◆ Your assignment
The records below must be copied in full; omit the images.

◆ Recorded information

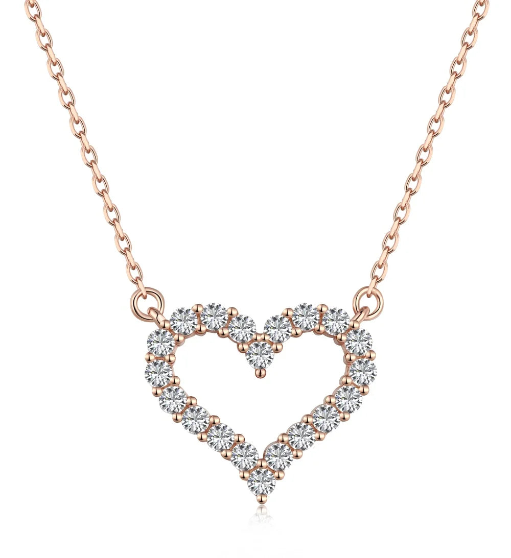 Aetolia Wholesale Clavicle Chain S925 Silver 18K Rose Gold Necklace CZ Cubic Zirconia Hollow Heart Pendant Necklaces For Women
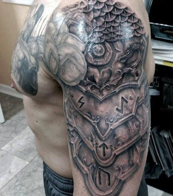 男性肩膀半甲风格霸气的盔甲纹身图案
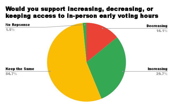 Would you support increasing, decreasing, or keeping access to in-person early voting hours the same in your community?
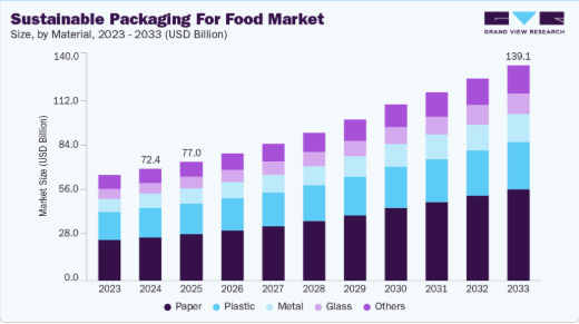 - 米国の食品産業向け持続可能な包装市場は、2025年から2033年にかけて8.1%という大幅なCAGRで成長すると予測される。
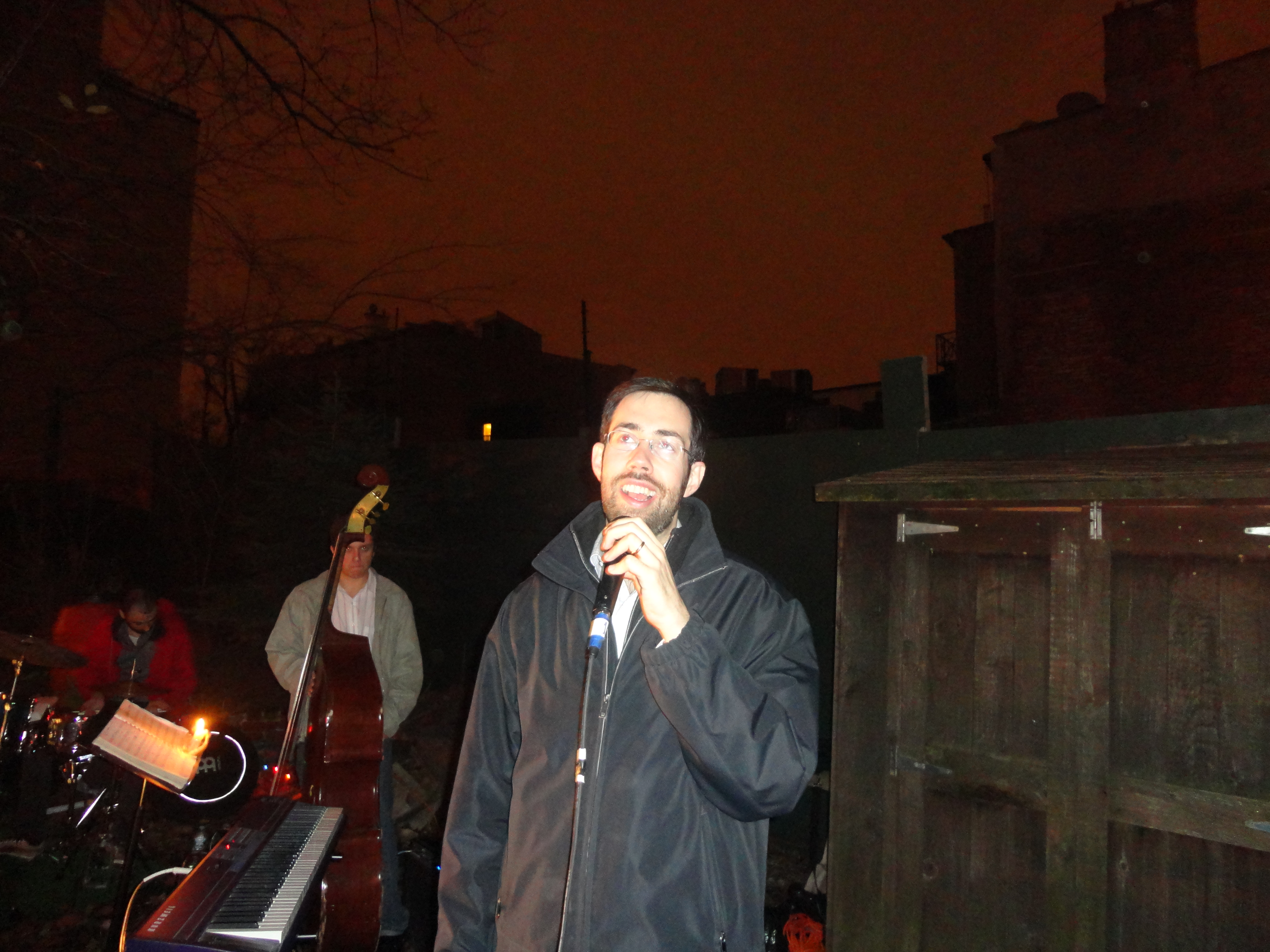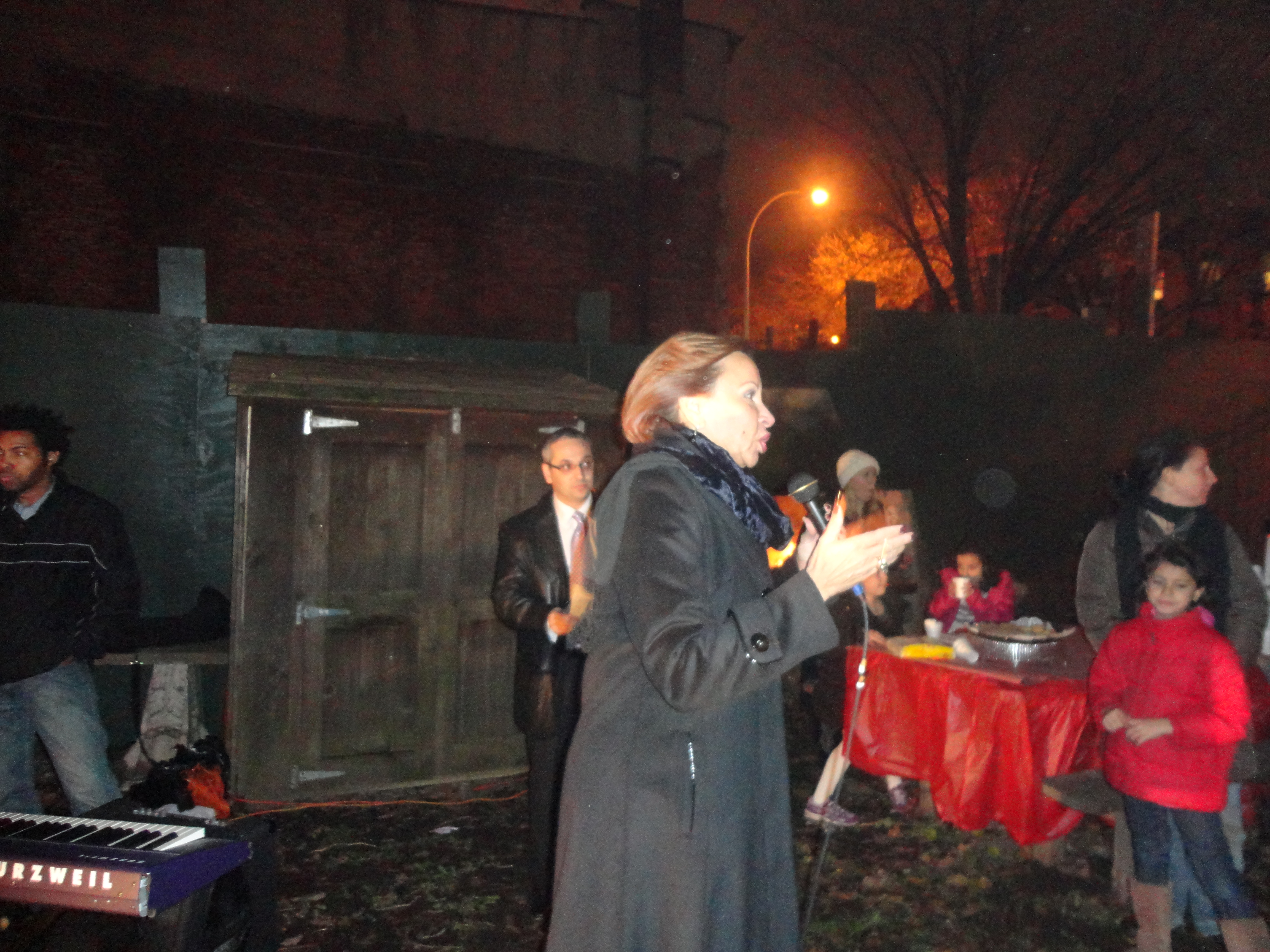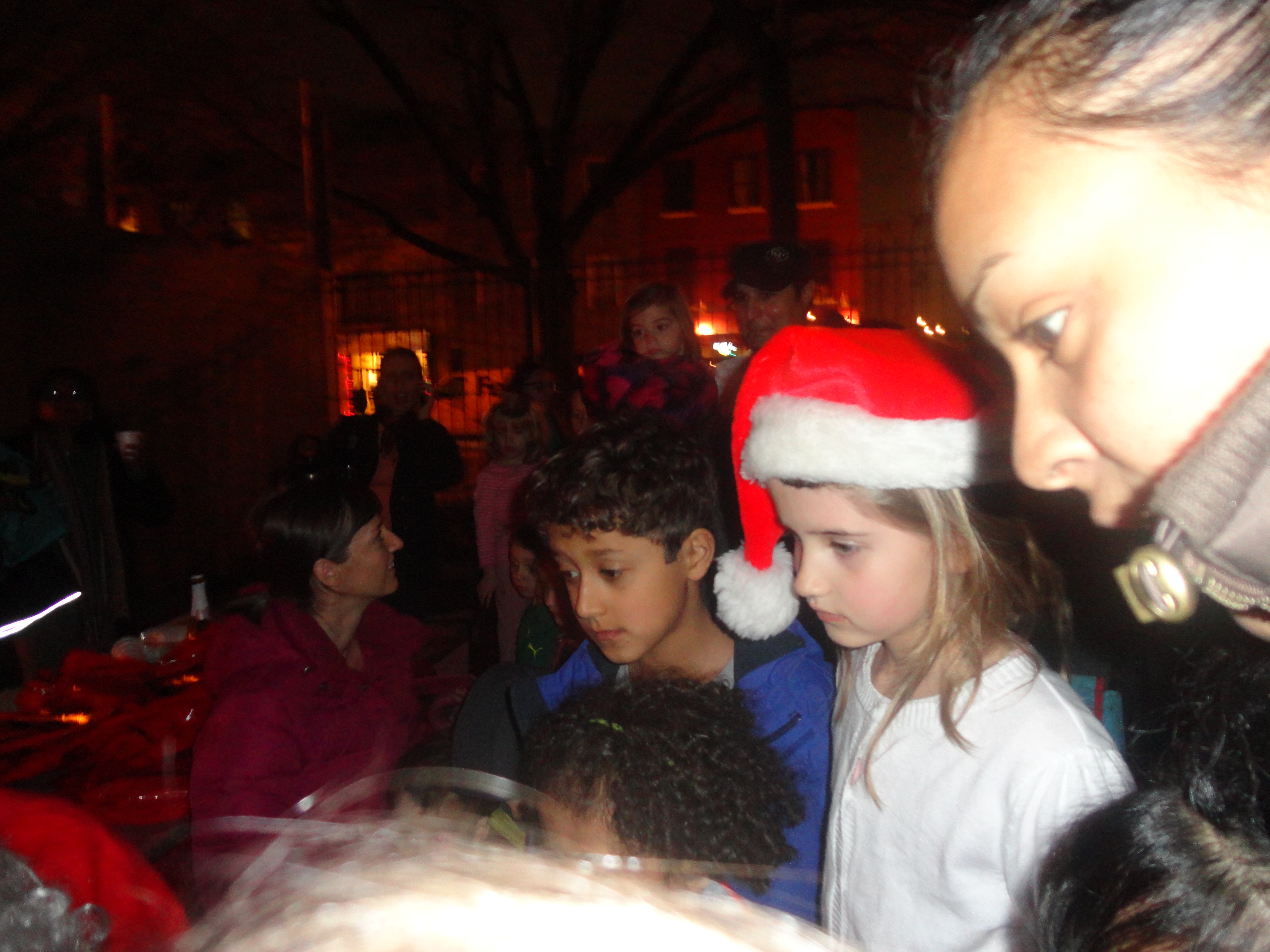 Over 200 people gathered to celebrate the Holiday Season at the 5th Annual Columbia Waterfront Tree Lighting Ceremony held at the Human Compass Garden on December 9th, 2011. This year’s tree lighting ceremony was jointly sponsored by Carroll Gardens Association, Inc., the Columbia Waterfront District Merchants Association, Apple Bank, the Red Hook Star-Revue, and the House of Pizza & Calzone. Congresswoman Nydia Velasquez and State Senator Daniel Squadron gave their holiday greetings and urged community residents to patronize local businesses. Representatives from other elected officials were also present during the event. More than 100 children waited anxiously for Santa to arrive, while the Less Magnetic Band entertained the crowd with their Holiday Jazz repertoire. After some delay, Santa finally made his appearance in a fire truck, welcomed by the adulation of screaming little voices. The evening was capped with Santa and his helpers handing out toys to happy little youngsters.
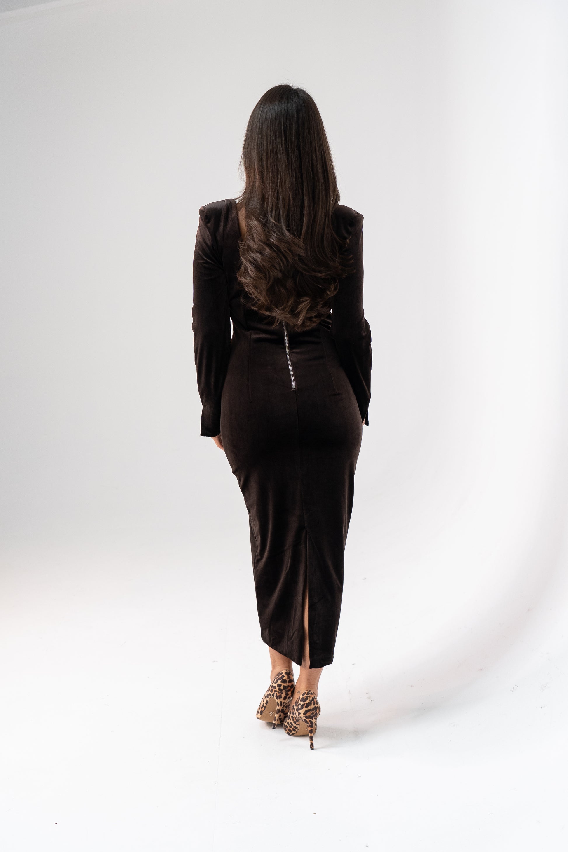 The Love Laura Square Neck Velvet Dress in Chocolate combines timeless elegance with contemporary styling. Crafted in luxurious velvet, this midi dress features a striking square neckline and structured shoulder pads for a polished silhouette. The fully lined construction ensures comfort and opacity, while the concealed back zip provides a seamless finish. Available in sizes 6-18, this versatile piece transitions effortlessly from evening occasions to sophisticated daytime wear.
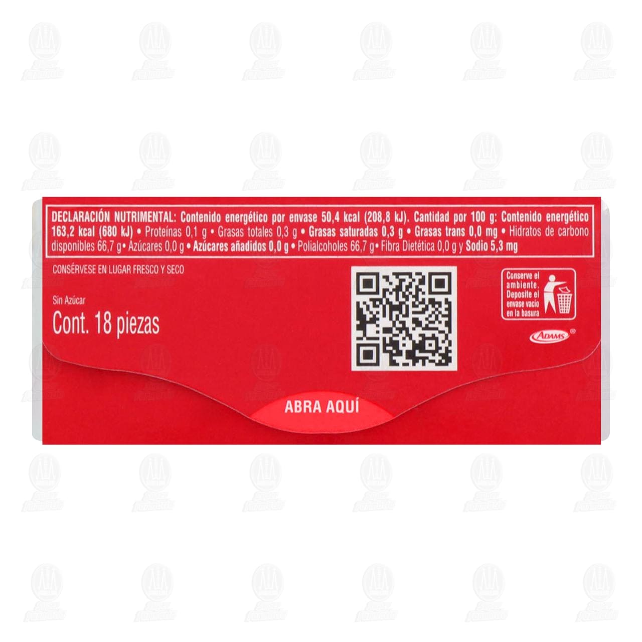 Chicles Trident, goma de mascar sin azúcar sabor a canela. Paquete de 30.6 gramos con 18 piezas.
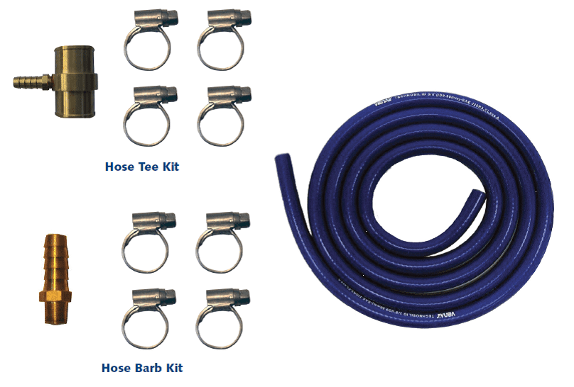 Hose Tee Kits are used to tap into flexible cooling hoses and Hose Tee Kits are used to tap into fixed points in the raw water cooling system. See diagram on the Before Ordering Page.
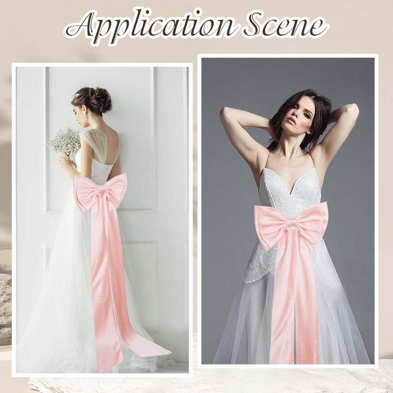 - Big Pink Satin Bow: The highlight of this accessory is the large and eye-catching satin bow. The bow is located at the rear of the train and is a charming focal point, attracting people's attention to your impeccable style. It adds a touch of romance and femininity to your overall look. Suitable for wedding and perform
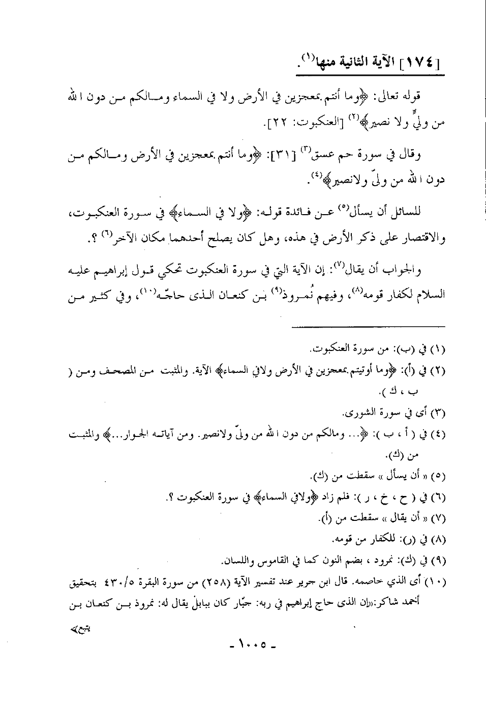 والجواب أن يقال: إن الآية التي في سورة العنكبوت تحكي قول إبراهيم عليه السلام لكفار قومه وفيهم نُمووذ بن كنعان الذى حاجه، وفي كثير عن
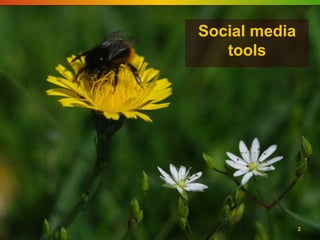 This document discusses using social media tools effectively and avoiding potential problems. It provides an overview of common social media platforms like LinkedIn, Facebook, and Twitter and how each can be used to build professional networks or share updates. It emphasizes managing your digital footprint and online presence, as well as tips to prevent issues like oversharing personal information, exposure to scams or spammers, and information connecting unexpectedly. The document also discusses using social media to support a group and provides resources for continuing to learn about tools, techniques, and how to stay aware of privacy and security issues online.
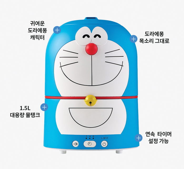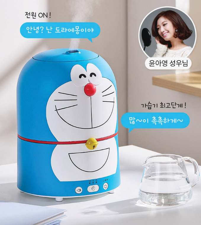 특히 도라에몽의 목소리를 연기한 성우 윤아영이 직접 녹음한 안내 멘트가 흘러나와 사용의 재미를 더했고 디자인도 귀엽고 앙증맞아 방이나 사무실 어디서든 밝은 분위기를 연출하기에 좋다. 조립이 간편해 세척이 손쉽고 아로마 오일을 넣을 수 있는 트레이가 있어 은은한 아로마 테라피도 경험할 수 있다.
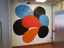MacArthur station opened on September 11, 1972, as the northern terminus of the inaugural BART line, which ran to Fremont. Upon the opening of the Transbay Tube in 1974, the station began to serve Transbay trains to San Francisco.[4] The station included several pieces of public art: an abstract mural by Mark Adams over a staircase (which Adams later replaced with two murals after the stairs were removed for an elevator in 2000), and tile mosaics by Adams and Alfonso Pardiñas in the fare lobby.[5][6]
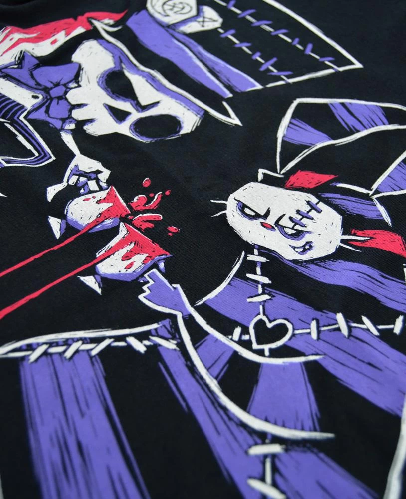Original hand-drawn artwork of the Mad Hatter and the Harvest Hare clinking their glasses right before they are about to set Wonderland on fire. Based off the artwork from Akumu Ink’s second self-published storybook Alice’s Nightmare in Wonderland.
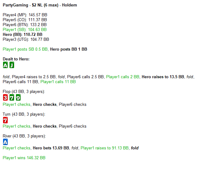 Как сыграно, на терне нашу руку можно прочекать, можно поставить. Условные АКс в масть, если бы оказались по такой линии, скорее бы проставил; АВс можно чекнуть. Преимущество ставки в том, что мы вельюбетим все красные фд, а также по-прежнему выбиваем какое-то случайное эквити.
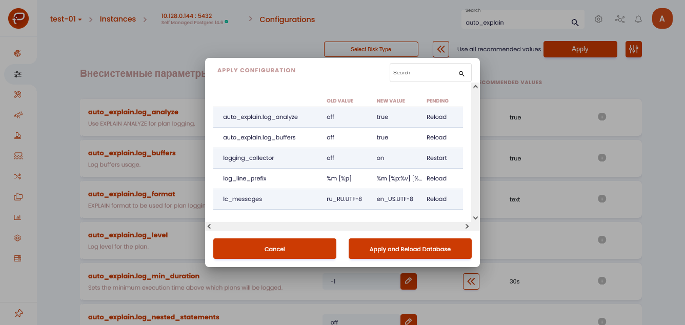 \# Settings for Advanced analytics logging_collector = on log_line_prefix = '%m \[%p:%v] \[%d] %r %a ' log_lock_waits = on lc_messages = 'en_US.UTF-8' auto_explain.log_analyze = on auto_explain.log_buffers = on track_io_timing = on auto_explain.log_nested_statements = 'true' # set an appropriate value deadlock_timeout = 1000ms log_min_duration_statement = 10s pg_store_plans.min_duration = 10s auto_explain.log_min_duration = 10s # Mandatory condition log_filename = 'postgresql-%F.log' # required at a minimum for collecting logs from Advanced Analytics log_destination = 'stderr' # minimum none to show errors log_statement = 'none' # For PostgresPro type DBMS, specify pgpro_stats instead of 'pg_store_plans' shared_preload_libraries = 'pg_stat_statements, pg_store_plans, auto_explain' # Settings for Advanced analytics end
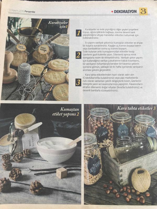 HÜRRİYET GAZETESİ HÜRRİYET KELEBEK GAZETESİ KELEBEK 2 GAZETESİ DOĞUM GÜNÜ GAZETESİ - 17 KASIM 2016 - Misafirler gelsin çaylar demlensin - Ev yapımı lezzetlere yaratıcı sunumlar - Çayın tarihçesi - Ev yapımı lezzetler için yaratıcı sunumlar - Kurabiyeler için - Kumaştan etiket yapımı - Kara tahta etiketler - Bakır levhalar - Desenli bantlarla güzelleştirin - Kara tahta ile süsleme - Keyifli bir ritüel: Çay - Rengarenk - Alışveriş adresleri - İyi fikir - Çay demlemenin püf noktaları - Shen Nung - Karaca - Tantitoni - Portland - Mudo Concept - Tepe Home - İkea - Marks&Spencer - Maxxdepo - Koçtaş - Villeroy&Boch

◆ Written response
 Aetolia Wholesale Clavicle Chain S925 Silver 18K Rose Gold Necklace CZ Cubic Zirconia Hollow Heart Pendant Necklaces For Women
 男性肩膀半甲风格霸气的盔甲纹身图案
 Would you support increasing, decreasing, or keeping access to in-person early voting hours the same in your community?
 - 米国の食品産業向け持続可能な包装市場は、2025年から2033年にかけて8.1%という大幅なCAGRで成長すると予測される。
 Over 200 people gathered to celebrate the Holiday Season at the 5th Annual Columbia Waterfront Tree Lighting Ceremony held at the Human Compass Garden on December 9th, 2011. This year’s tree lighting ceremony was jointly sponsored by Carroll Gardens Association, Inc., the Columbia Waterfront District Merchants Association, Apple Bank, the Red Hook Star-Revue, and the House of Pizza & Calzone. Congresswoman Nydia Velasquez and State Senator Daniel Squadron gave their holiday greetings and urged community residents to patronize local businesses. Representatives from other elected officials were also present during the event. More than 100 children waited anxiously for Santa to arrive, while the Less Magnetic Band entertained the crowd with their Holiday Jazz repertoire. After some delay, Santa finally made his appearance in a fire truck, welcomed by the adulation of screaming little voices. The evening was capped with Santa and his helpers handing out toys to happy little youngsters.
 The Love Laura Square Neck Velvet Dress in Chocolate combines timeless elegance with contemporary styling. Crafted in luxurious velvet, this midi dress features a striking square neckline and structured shoulder pads for a polished silhouette. The fully lined construction ensures comfort and opacity, while the concealed back zip provides a seamless finish. Available in sizes 6-18, this versatile piece transitions effortlessly from evening occasions to sophisticated daytime wear.
 Chicles Trident, goma de mascar sin azúcar sabor a canela. Paquete de 30.6 gramos con 18 piezas.
 Hose Tee Kits are used to tap into flexible cooling hoses and Hose Tee Kits are used to tap into fixed points in the raw water cooling system. See diagram on the Before Ordering Page.
 - Big Pink Satin Bow: The highlight of this accessory is the large and eye-catching satin bow. The bow is located at the rear of the train and is a charming focal point, attracting people's attention to your impeccable style. It adds a touch of romance and femininity to your overall look. Suitable for wedding and perform
 والجواب أن يقال: إن الآية التي في سورة العنكبوت تحكي قول إبراهيم عليه السلام لكفار قومه وفيهم نُمووذ بن كنعان الذى حاجه، وفي كثير عن
 This document discusses using social media tools effectively and avoiding potential problems. It provides an overview of common social media platforms like LinkedIn, Facebook, and Twitter and how each can be used to build professional networks or share updates. It emphasizes managing your digital footprint and online presence, as well as tips to prevent issues like oversharing personal information, exposure to scams or spammers, and information connecting unexpectedly. The document also discusses using social media to support a group and provides resources for continuing to learn about tools, techniques, and how to stay aware of privacy and security issues online.
 특히 도라에몽의 목소리를 연기한 성우 윤아영이 직접 녹음한 안내 멘트가 흘러나와 사용의 재미를 더했고 디자인도 귀엽고 앙증맞아 방이나 사무실 어디서든 밝은 분위기를 연출하기에 좋다. 조립이 간편해 세척이 손쉽고 아로마 오일을 넣을 수 있는 트레이가 있어 은은한 아로마 테라피도 경험할 수 있다.
MacArthur station opened on September 11, 1972, as the northern terminus of the inaugural BART line, which ran to Fremont. Upon the opening of the Transbay Tube in 1974, the station began to serve Transbay trains to San Francisco.[4] The station included several pieces of public art: an abstract mural by Mark Adams over a staircase (which Adams later replaced with two murals after the stairs were removed for an elevator in 2000), and tile mosaics by Adams and Alfonso Pardiñas in the fare lobby.[5][6]
Original hand-drawn artwork of the Mad Hatter and the Harvest Hare clinking their glasses right before they are about to set Wonderland on fire. Based off the artwork from Akumu Ink’s second self-published storybook Alice’s Nightmare in Wonderland.
 Как сыграно, на терне нашу руку можно прочекать, можно поставить. Условные АКс в масть, если бы оказались по такой линии, скорее бы проставил; АВс можно чекнуть. Преимущество ставки в том, что мы вельюбетим все красные фд, а также по-прежнему выбиваем какое-то случайное эквити.
 \# Settings for Advanced analytics logging_collector = on log_line_prefix = '%m \[%p:%v] \[%d] %r %a ' log_lock_waits = on lc_messages = 'en_US.UTF-8' auto_explain.log_analyze = on auto_explain.log_buffers = on track_io_timing = on auto_explain.log_nested_statements = 'true' # set an appropriate value deadlock_timeout = 1000ms log_min_duration_statement = 10s pg_store_plans.min_duration = 10s auto_explain.log_min_duration = 10s # Mandatory condition log_filename = 'postgresql-%F.log' # required at a minimum for collecting logs from Advanced Analytics log_destination = 'stderr' # minimum none to show errors log_statement = 'none' # For PostgresPro type DBMS, specify pgpro_stats instead of 'pg_store_plans' shared_preload_libraries = 'pg_stat_statements, pg_store_plans, auto_explain' # Settings for Advanced analytics end
 HÜRRİYET GAZETESİ HÜRRİYET KELEBEK GAZETESİ KELEBEK 2 GAZETESİ DOĞUM GÜNÜ GAZETESİ - 17 KASIM 2016 - Misafirler gelsin çaylar demlensin - Ev yapımı lezzetlere yaratıcı sunumlar - Çayın tarihçesi - Ev yapımı lezzetler için yaratıcı sunumlar - Kurabiyeler için - Kumaştan etiket yapımı - Kara tahta etiketler - Bakır levhalar - Desenli bantlarla güzelleştirin - Kara tahta ile süsleme - Keyifli bir ritüel: Çay - Rengarenk - Alışveriş adresleri - İyi fikir - Çay demlemenin püf noktaları - Shen Nung - Karaca - Tantitoni - Portland - Mudo Concept - Tepe Home - İkea - Marks&Spencer - Maxxdepo - Koçtaş - Villeroy&Boch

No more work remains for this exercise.